TRIBUNNEWS.COM, JAKARTA - Ketua Umum Pengurus Besar Himpunan Mahasiswa Islam (PB HMI) Respiratori Saddam Al Jihad menyatakan bahwa Indonesia saat ini darurat narkoba.
Hal itu disampaikanya setelah hampir satu bulan terakhir mengamati peredaran narkoba yang semakin marak, apalagi pasca terungkapnya penyelundupan narkotika jenis sabu di Kepulauan Riau.
“Indonesia saat ini darurat narkoba, saya mengamati persoalan ini sejak sebulan terakhir, karena sebagai anak muda kami khawatir jika narkoba akan semakin merusak mental, fisik dan masa depan anak-anak muda Indonesia. Kasus penyelundupan narkotika sebanyak 3 ton pada pekan lalu di KEPRI semakin memperkuat bahwa ancaman generasi bangsa kita adalah narkoba,” papar Saddam melalui keterangan tertulisnya, Senin (5/3/2018).
Menurut Pria asal lampung ini, Narkoba adalah ekstraordinary crime (kejahatan luar biasa) yang harus di lawan dengan instrument hukum yang kuat, agar dapat memberikan efek jera terhadap pecandu, bandar dan pengedar.
“Selama ini kita masih menggunakan UU No 39 tahun 2009 yang didalamnya masih terdapat banyak kekurangan. Pertama, tentang poin penyalahgunaan dan kepemilikan narkotika yang belum jelas, kedua, jenis narkoba yang beredar di Indonesia sudah sangat banyak, namun UU kita belum mengaturnya,” ungkap Saddam.
Berdasarakan laporan dari BNN, sepanjang 2017 ada 46.537 kasus narkoba yang diungkap.
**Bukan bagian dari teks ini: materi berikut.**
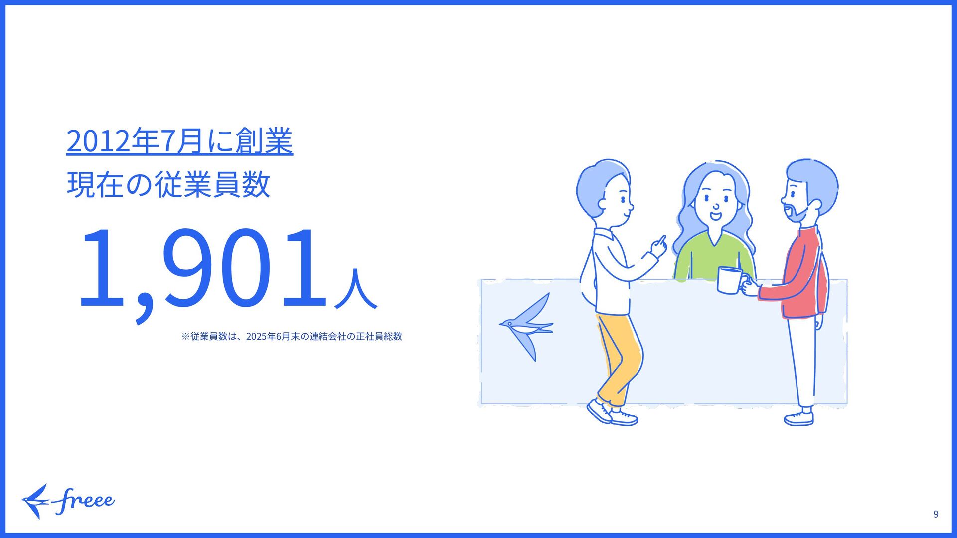 9 2012年7⽉に創業 現在の従業員数 1,901⼈ ※従業員数は、2025年6⽉末の連結会社の正社員総数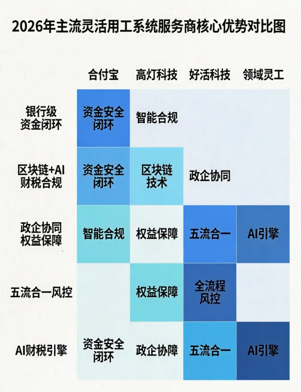 合付宝:支付出身,银行级资金闭环、全链路合规,对接税务系统,适合高频结算、资金敏感企业。 高灯科技:交易鉴证专家,区块链+AI,财税合规强,适配电商、直播。 好活科技:政企协同标杆,权益保障完善,职业伤害、社保功能强,覆盖生活服务、物流。 领域灵工:五流合一风控标杆,AI财税引擎,日均200万笔秒级发薪。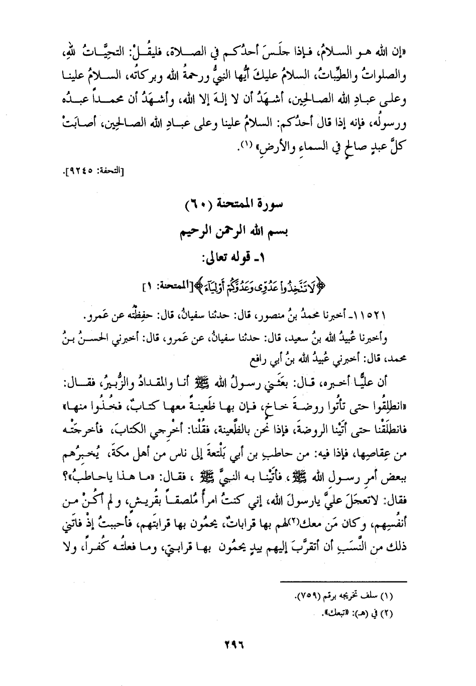 11521 - أَخْبَرَنَا مُحَمَّدُ بْنُ مَنْصُورٍ، قَالَ: حَدَّثَنَا سُفْيَانُ، قَالَ: حَفِظْتُهُ عَنْ عَمْرٍو، وَأَخْبَرَنَا عُبَيْدُ اللهِ بْنُ سَعِيدٍ، قَالَ: حَدَّثَنَا سُفْيَانُ، عَنْ عَمْرٍو، قَالَ: أَخْبَرَنِي الْحَسَنُ بْنُ مُحَمَّدٍ، قَالَ: أَخْبَرَنِي عُبَيْدُ اللهِ بْنُ أَبِي رَافِعٍ أَنَّ عَلِيًّا أَخْبَرَهُ , قَالَ: بَعَثَنِي رَسُولُ اللهِ صَلَّى اللهُ عَلَيْهِ وَسَلَّمَ، أَنَا وَالْمِقْدَادُ وَالزُّبَيْرُ , فَقَالَ: «انْطَلِقُوا حَتَّى تَأْتُوا رَوْضَةَ خَاخٍ، فَإِنَّ بِهَا ظَعِينَةً مَعَهَا كِتَابٌ، فَخُذُوا مِنْهَا» , فَانْطَلَقْنَا حَتَّى أَتَيْنَا الرَّوْضَةَ، فَإِذَا نَحْنُ بِالظَّعِينَةِ، فَقُلْنَا: أَخْرِجِي الْكِتَابَ، فَأَخْرَجَتْهُ مِنْ عِقَاصِهَا، فَإِذَا فِيهِ: مِنْ حَاطِبِ بْنِ أَبِي بَلْتَعَةَ إِلَى نَاسٍ مِنْ أَهْلِ مَكَّةَ , يُخْبِرُهُمْ بِبَعْضِ أَمْرِ رَسُولِ اللهِ صَلَّى اللهُ عَلَيْهِ وَسَلَّمَ، فَأَتَيْنَا بِهِ النَّبِيَّ صَلَّى اللهُ عَلَيْهِ وَسَلَّمَ , فَقَالَ: «مَا هَذَا يَا حَاطِبُ؟» , فَقَالَ: لَا تَعْجَلْ عَلَيَّ يَا رَسُولَ اللهِ، إِنِّي كُنْتُ امْرَأً مُلْصَقًا بِقُرَيْشٍ، وَلَمْ أَكُنْ مِنْ أَنْفُسِهِمْ، وَكَانَ مَنْ مَعَكَ لَهُمْ بِهَا قَرَابَاتٌ يَحْمُونَ بِهَا قَرَابَتَهُمْ، فَأَحْبَبْتُ إِذْ فَاتَنِي ذَلِكَ مِنَ النَّسَبِ أَنْ أَتَقَرَّبَ إِلَيْهِمْ بِيَدٍ يَحْمُونَ بِهَا قَرَابَتِي، وَمَا فَعَلْتُهُ كُفْرًا وَلَا ارْتِدَادًا عَنْ دِينِي، وَلَا رِضًى بِالْكُفْرِ بَعْدَ الْإِسْلَامِ، فَقَالَ النَّبِيُّ صَلَّى اللهُ عَلَيْهِ وَسَلَّمَ: «قَدْ صَدَقَكُمْ» , فَقَالَ عُمَرُ: يَا رَسُولَ اللهِ، دَعْنِي أَضْرِبْ عُنُقَ يَعْنِي هَذَا، فَقَالَ: " يَا عُمَرُ، مَا يُدْرِيكَ، §لَعَلَّ اللهَ اطَّلَعَ عَلَى أَهْلِ بَدْرٍ فَقَالَ: اعْمَلُوا مَا شِئْتُمْ، فَقَدْ غَفَرْتُ لَكُمْ " وَاللَّفْظُ لِعُبَيْدِ اللهِ، وَزَادَ مُحَمَّدٌ فِي حَدِيثِهِ: فَأَنْزَلَ اللهُ عَزَّ وَجَلَّ {لَا تَتَّخِذُوا عَدُوِّي وَعَدُوَّكُمْ أَوْلِيَاءَ} [الممتحنة: 1] السُّورَةَ كُلَّهَا

Untuk pengguna narkoba sebanyak 1-5 juta dan 600.000-1,2 juta pengguna ada di Jakarta. Laporan Kemenkes pada 2017 menyebut 58.365 orang dijadikan tersangka.
Jika di telisik dari setiap tahunya mengalami kenaikan yang cukup signifikan.
“Jika mengacu pada data BNN yang terungkap pada tahun 2016 terdapat 868 kasus dengan 1.330 tersangka. Jika di bandingkan dengan data tahun 2017 naik cukup drastis. Artinya anak muda Indonesia tersandera oleh barang-barang terlarang ini, “papar Mahasiswa Doktoral Institute Pemerintahan Dalam Negeri ini.
Saddam mengatakan DPR dan Pemerintah harus peka dan bergerak cepat untuk mengatasi persoalan ini. Bila tidak cepat diatasi maka pemuda Indonesia akan kehilangan cita-cita dan masa depan.
"Untuk itu revisi UU No 39 Tahun 2009 adalah suatu kebutuhan yang mendesak untuk menyelamatkan generasi bangsa," tuturnya.